● EXERCISE AIM
An exact restatement of the records below is expected.

________

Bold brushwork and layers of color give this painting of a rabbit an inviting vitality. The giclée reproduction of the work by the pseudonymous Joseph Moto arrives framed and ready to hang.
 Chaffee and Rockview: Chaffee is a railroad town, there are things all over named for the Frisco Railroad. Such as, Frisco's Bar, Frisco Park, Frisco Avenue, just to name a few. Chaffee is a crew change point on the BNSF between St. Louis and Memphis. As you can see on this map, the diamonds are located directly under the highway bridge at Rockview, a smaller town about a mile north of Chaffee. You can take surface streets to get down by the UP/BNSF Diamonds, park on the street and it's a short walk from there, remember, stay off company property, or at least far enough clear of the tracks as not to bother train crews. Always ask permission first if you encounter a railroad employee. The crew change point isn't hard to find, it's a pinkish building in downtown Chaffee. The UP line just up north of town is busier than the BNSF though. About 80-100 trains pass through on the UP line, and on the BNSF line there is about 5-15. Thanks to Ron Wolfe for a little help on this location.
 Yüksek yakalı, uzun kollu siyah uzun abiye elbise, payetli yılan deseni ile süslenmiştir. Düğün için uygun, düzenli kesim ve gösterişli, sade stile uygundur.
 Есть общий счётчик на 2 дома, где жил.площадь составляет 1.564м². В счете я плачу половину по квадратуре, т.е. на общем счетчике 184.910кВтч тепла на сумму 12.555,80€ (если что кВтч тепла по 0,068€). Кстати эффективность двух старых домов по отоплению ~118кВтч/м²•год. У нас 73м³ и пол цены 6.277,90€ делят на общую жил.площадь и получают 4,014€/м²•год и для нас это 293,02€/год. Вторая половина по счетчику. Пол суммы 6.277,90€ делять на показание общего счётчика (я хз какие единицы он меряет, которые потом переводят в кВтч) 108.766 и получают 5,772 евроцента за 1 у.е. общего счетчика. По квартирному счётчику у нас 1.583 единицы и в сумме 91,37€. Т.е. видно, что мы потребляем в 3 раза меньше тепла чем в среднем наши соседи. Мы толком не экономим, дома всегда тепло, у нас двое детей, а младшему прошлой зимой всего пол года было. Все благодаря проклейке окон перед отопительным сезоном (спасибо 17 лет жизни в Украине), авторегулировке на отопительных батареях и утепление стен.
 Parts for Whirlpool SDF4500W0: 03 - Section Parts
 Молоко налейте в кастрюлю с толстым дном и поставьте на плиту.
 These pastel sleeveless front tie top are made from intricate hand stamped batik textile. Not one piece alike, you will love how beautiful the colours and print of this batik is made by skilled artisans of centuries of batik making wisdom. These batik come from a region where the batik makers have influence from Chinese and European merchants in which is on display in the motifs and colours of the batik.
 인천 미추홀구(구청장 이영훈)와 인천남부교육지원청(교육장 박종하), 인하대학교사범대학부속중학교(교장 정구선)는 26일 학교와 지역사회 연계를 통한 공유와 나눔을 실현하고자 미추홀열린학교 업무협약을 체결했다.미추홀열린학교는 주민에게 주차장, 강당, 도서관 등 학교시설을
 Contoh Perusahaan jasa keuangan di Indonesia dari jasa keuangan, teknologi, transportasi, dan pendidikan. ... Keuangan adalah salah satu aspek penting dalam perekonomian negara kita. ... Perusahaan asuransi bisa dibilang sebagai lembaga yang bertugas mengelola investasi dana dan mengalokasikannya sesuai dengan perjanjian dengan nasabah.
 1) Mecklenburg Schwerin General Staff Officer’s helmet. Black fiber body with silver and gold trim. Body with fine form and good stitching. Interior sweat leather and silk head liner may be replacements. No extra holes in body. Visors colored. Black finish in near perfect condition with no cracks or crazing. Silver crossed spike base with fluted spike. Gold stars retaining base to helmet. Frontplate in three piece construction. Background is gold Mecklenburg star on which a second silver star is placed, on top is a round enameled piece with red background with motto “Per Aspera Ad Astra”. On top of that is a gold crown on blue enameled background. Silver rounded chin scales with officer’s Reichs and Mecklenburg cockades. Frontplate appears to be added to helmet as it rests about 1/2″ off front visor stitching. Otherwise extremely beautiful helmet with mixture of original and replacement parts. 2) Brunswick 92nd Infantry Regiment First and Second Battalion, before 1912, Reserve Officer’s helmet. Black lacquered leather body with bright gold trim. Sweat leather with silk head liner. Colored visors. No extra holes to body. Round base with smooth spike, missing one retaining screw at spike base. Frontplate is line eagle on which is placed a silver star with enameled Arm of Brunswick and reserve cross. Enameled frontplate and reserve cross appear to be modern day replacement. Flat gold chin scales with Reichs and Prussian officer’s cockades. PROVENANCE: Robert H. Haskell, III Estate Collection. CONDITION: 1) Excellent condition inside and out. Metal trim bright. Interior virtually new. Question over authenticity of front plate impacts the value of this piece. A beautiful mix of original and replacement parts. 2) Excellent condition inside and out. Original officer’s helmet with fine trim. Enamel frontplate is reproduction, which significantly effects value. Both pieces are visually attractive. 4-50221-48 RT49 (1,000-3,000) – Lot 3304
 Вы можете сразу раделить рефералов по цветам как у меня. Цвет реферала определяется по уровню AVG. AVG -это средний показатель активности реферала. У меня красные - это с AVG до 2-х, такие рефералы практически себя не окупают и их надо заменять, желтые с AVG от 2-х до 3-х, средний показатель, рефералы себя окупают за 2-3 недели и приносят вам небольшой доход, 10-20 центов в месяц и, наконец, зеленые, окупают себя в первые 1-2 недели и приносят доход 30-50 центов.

________

● RESULT FOR THIS EXERCISE
Bold brushwork and layers of color give this painting of a rabbit an inviting vitality. The giclée reproduction of the work by the pseudonymous Joseph Moto arrives framed and ready to hang.
 Chaffee and Rockview: Chaffee is a railroad town, there are things all over named for the Frisco Railroad. Such as, Frisco's Bar, Frisco Park, Frisco Avenue, just to name a few. Chaffee is a crew change point on the BNSF between St. Louis and Memphis. As you can see on this map, the diamonds are located directly under the highway bridge at Rockview, a smaller town about a mile north of Chaffee. You can take surface streets to get down by the UP/BNSF Diamonds, park on the street and it's a short walk from there, remember, stay off company property, or at least far enough clear of the tracks as not to bother train crews. Always ask permission first if you encounter a railroad employee. The crew change point isn't hard to find, it's a pinkish building in downtown Chaffee. The UP line just up north of town is busier than the BNSF though. About 80-100 trains pass through on the UP line, and on the BNSF line there is about 5-15. Thanks to Ron Wolfe for a little help on this location.
 Yüksek yakalı, uzun kollu siyah uzun abiye elbise, payetli yılan deseni ile süslenmiştir. Düğün için uygun, düzenli kesim ve gösterişli, sade stile uygundur.
 Есть общий счётчик на 2 дома, где жил.площадь составляет 1.564м². В счете я плачу половину по квадратуре, т.е. на общем счетчике 184.910кВтч тепла на сумму 12.555,80€ (если что кВтч тепла по 0,068€). Кстати эффективность двух старых домов по отоплению ~118кВтч/м²•год. У нас 73м³ и пол цены 6.277,90€ делят на общую жил.площадь и получают 4,014€/м²•год и для нас это 293,02€/год. Вторая половина по счетчику. Пол суммы 6.277,90€ делять на показание общего счётчика (я хз какие единицы он меряет, которые потом переводят в кВтч) 108.766 и получают 5,772 евроцента за 1 у.е. общего счетчика. По квартирному счётчику у нас 1.583 единицы и в сумме 91,37€. Т.е. видно, что мы потребляем в 3 раза меньше тепла чем в среднем наши соседи. Мы толком не экономим, дома всегда тепло, у нас двое детей, а младшему прошлой зимой всего пол года было. Все благодаря проклейке окон перед отопительным сезоном (спасибо 17 лет жизни в Украине), авторегулировке на отопительных батареях и утепление стен.
 Parts for Whirlpool SDF4500W0: 03 - Section Parts
 Молоко налейте в кастрюлю с толстым дном и поставьте на плиту.
 These pastel sleeveless front tie top are made from intricate hand stamped batik textile. Not one piece alike, you will love how beautiful the colours and print of this batik is made by skilled artisans of centuries of batik making wisdom. These batik come from a region where the batik makers have influence from Chinese and European merchants in which is on display in the motifs and colours of the batik.
 인천 미추홀구(구청장 이영훈)와 인천남부교육지원청(교육장 박종하), 인하대학교사범대학부속중학교(교장 정구선)는 26일 학교와 지역사회 연계를 통한 공유와 나눔을 실현하고자 미추홀열린학교 업무협약을 체결했다.미추홀열린학교는 주민에게 주차장, 강당, 도서관 등 학교시설을
 Contoh Perusahaan jasa keuangan di Indonesia dari jasa keuangan, teknologi, transportasi, dan pendidikan. ... Keuangan adalah salah satu aspek penting dalam perekonomian negara kita. ... Perusahaan asuransi bisa dibilang sebagai lembaga yang bertugas mengelola investasi dana dan mengalokasikannya sesuai dengan perjanjian dengan nasabah.
 1) Mecklenburg Schwerin General Staff Officer’s helmet. Black fiber body with silver and gold trim. Body with fine form and good stitching. Interior sweat leather and silk head liner may be replacements. No extra holes in body. Visors colored. Black finish in near perfect condition with no cracks or crazing. Silver crossed spike base with fluted spike. Gold stars retaining base to helmet. Frontplate in three piece construction. Background is gold Mecklenburg star on which a second silver star is placed, on top is a round enameled piece with red background with motto “Per Aspera Ad Astra”. On top of that is a gold crown on blue enameled background. Silver rounded chin scales with officer’s Reichs and Mecklenburg cockades. Frontplate appears to be added to helmet as it rests about 1/2″ off front visor stitching. Otherwise extremely beautiful helmet with mixture of original and replacement parts. 2) Brunswick 92nd Infantry Regiment First and Second Battalion, before 1912, Reserve Officer’s helmet. Black lacquered leather body with bright gold trim. Sweat leather with silk head liner. Colored visors. No extra holes to body. Round base with smooth spike, missing one retaining screw at spike base. Frontplate is line eagle on which is placed a silver star with enameled Arm of Brunswick and reserve cross. Enameled frontplate and reserve cross appear to be modern day replacement. Flat gold chin scales with Reichs and Prussian officer’s cockades. PROVENANCE: Robert H. Haskell, III Estate Collection. CONDITION: 1) Excellent condition inside and out. Metal trim bright. Interior virtually new. Question over authenticity of front plate impacts the value of this piece. A beautiful mix of original and replacement parts. 2) Excellent condition inside and out. Original officer’s helmet with fine trim. Enamel frontplate is reproduction, which significantly effects value. Both pieces are visually attractive. 4-50221-48 RT49 (1,000-3,000) – Lot 3304
 Вы можете сразу раделить рефералов по цветам как у меня. Цвет реферала определяется по уровню AVG. AVG -это средний показатель активности реферала. У меня красные - это с AVG до 2-х, такие рефералы практически себя не окупают и их надо заменять, желтые с AVG от 2-х до 3-х, средний показатель, рефералы себя окупают за 2-3 недели и приносят вам небольшой доход, 10-20 центов в месяц и, наконец, зеленые, окупают себя в первые 1-2 недели и приносят доход 30-50 центов.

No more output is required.